Vocab 101-120
1. pastoral: a poem, play, or story that celebrates and idealizes the simple life of shepherds and shepherdesses.
2. pathos: The quality of a literary work or passage which appeals to the reader's or viewer's emotions- especially
3. periodic sentence: A sentence that delivers its point at the end; usually constructed as a subordinate clause followed by a main clause. ex. At the piano she practiced scales.
4. personification: The attribution of human characteristics to an animal or to an inanimate object. Wordsworth's daffodils 'tossing their heads in a sprightly dance' in 'I Wandered Lonely as a cloud'
5. point of view: Perspective of the speaker or narrator in a literary work.
6. polysyndeton: repetition of conjunctions in close succession (as in we have ships and men and money).
7. prose: the ordinary language people use to express themselves; the opposite of poetry.
8. protagonist: The main or principal character in a work; often considered the hero or heroine.
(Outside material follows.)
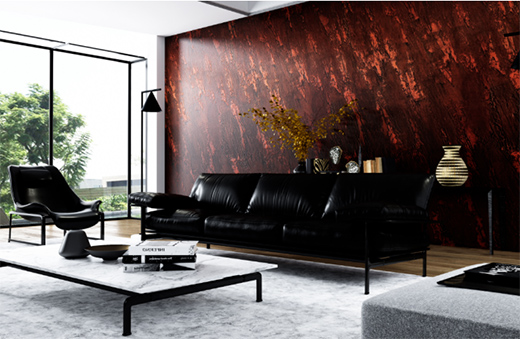 经过艺术构思,借助肌理材料,通过不同的施工工艺,艺术涂料可以展现出千变万化的肌理层次和艺术美感。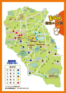 同社と綾川町、綾川商工会との三者間で、2019年6月に移動販売に関する協定を締結している。その協定に基づき、火曜日と日曜日を除く週5日、曜日ごとに設定したルートで綾川町内を運行する。

Hamlet, Macbeth Oedipus, Anna Karenina, and Tom Sawyer are the protagonists of the eponymous works in which they appear.
9. physiognomy: The assessment of a person's character or personality from his or her outer appearance, especially the face. The term can also refer to the general appearance of a person, object or terrain.
10. pun: Humorous play on words that have several meanings or words that sound the same but have different meanings. In Romeo and Juliet, Mercutio's 'You will find me a grave man' refers both to the seriousness of his words and the fact that he is dying.
11. quatrain: Four-line stanza.
12. refrain: Repetition of a line, stanza, or phrase.
13. repetition: A word or phrase used more than once to emphasize an idea.
14. rhetorical question: A question with an obvious answer, so no one response is expected; used for emphasis or to make a point.
15. satire: The use of humor to ridicule and expose the shortcomings and failings of society, individuals, and institutions, often in the hope that change and reform are possible. Swift's suggestion in 'A Modest Proposal' that Irish babies be butchered and sold as food to wealthy English landlords in order to alleviate poverty in Ireland is a classic example of satire because Swift was really savagely attacking the English for exploiting the Irish. Oscar Wilde's The Importance of Being Earnest satirizes Victorian social hypocrisy.
16. scansion: the process of measuring metrical verse, this is, of marking accented and unaccented syllables, dividing the lines into feet, identifying the metrical pattern, and noting significant variations from that pattern.
17. sestet: A six-line stanza of poetry; also, the last six lines of an Italian/Petrarchan sonnet. 18. shift: In writing, a movement from one thought or idea to another; a change.
19. simile: A comparison of unlike things using the word like, as, or so.
20. soliloquy: A dramatic or literary form of discourse in which a character talks to himself or herself or reveals his or her thoughts without addressing a listener.